All of the listing should be output exactly, apart from the pictures.

*** Opening EXERCISE DATA ***

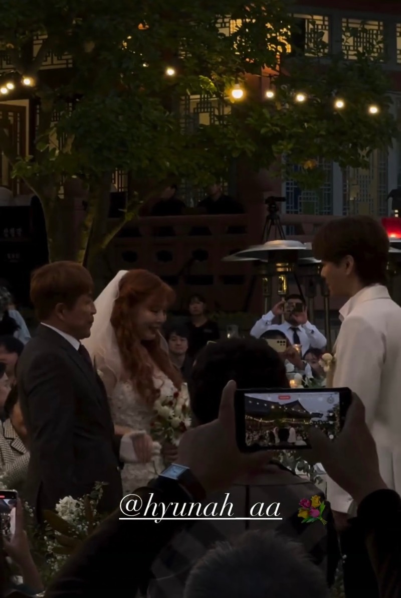 現場路透影片顯示,泫雅被長者牽著入場,隨後交給新郎倌龍俊亨手上👇
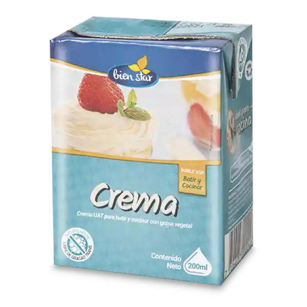 Crema de leche para batir y cocinar con grasa vegetal. Caja x 200 ml. packing: Caja
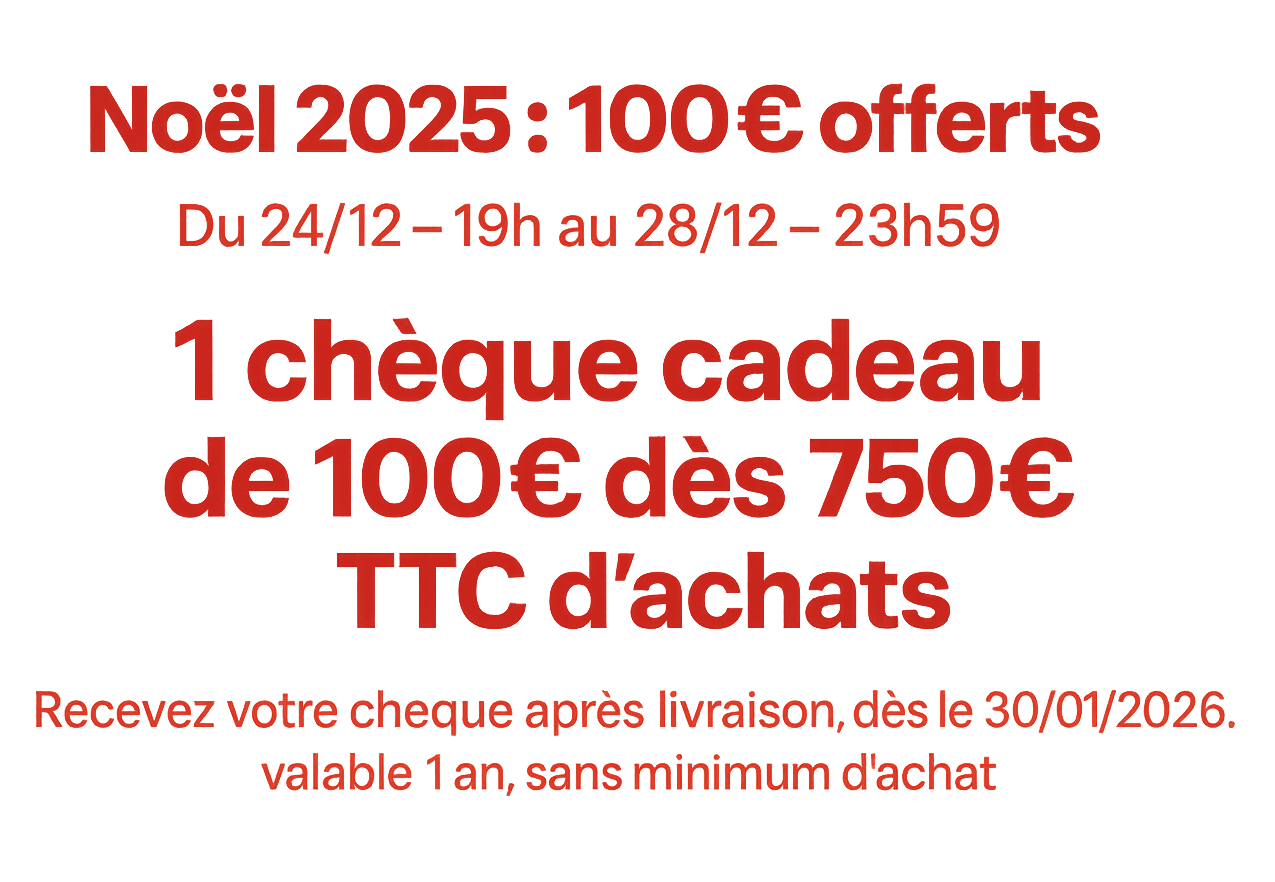Pour toute commande d’un montant de 750 € TTC minimum, réalisée entre le 24 décembre à 19h00 et le 28 décembre à 23h59, bénéficiez d’un chèque cadeau d’une valeur de 100 € offert.

*** Closing EXERCISE DATA ***

» RESPONSE
 現場路透影片顯示,泫雅被長者牽著入場,隨後交給新郎倌龍俊亨手上👇
 Crema de leche para batir y cocinar con grasa vegetal. Caja x 200 ml. packing: Caja
Pour toute commande d’un montant de 750 € TTC minimum, réalisée entre le 24 décembre à 19h00 et le 28 décembre à 23h59, bénéficiez d’un chèque cadeau d’une valeur de 100 € offert.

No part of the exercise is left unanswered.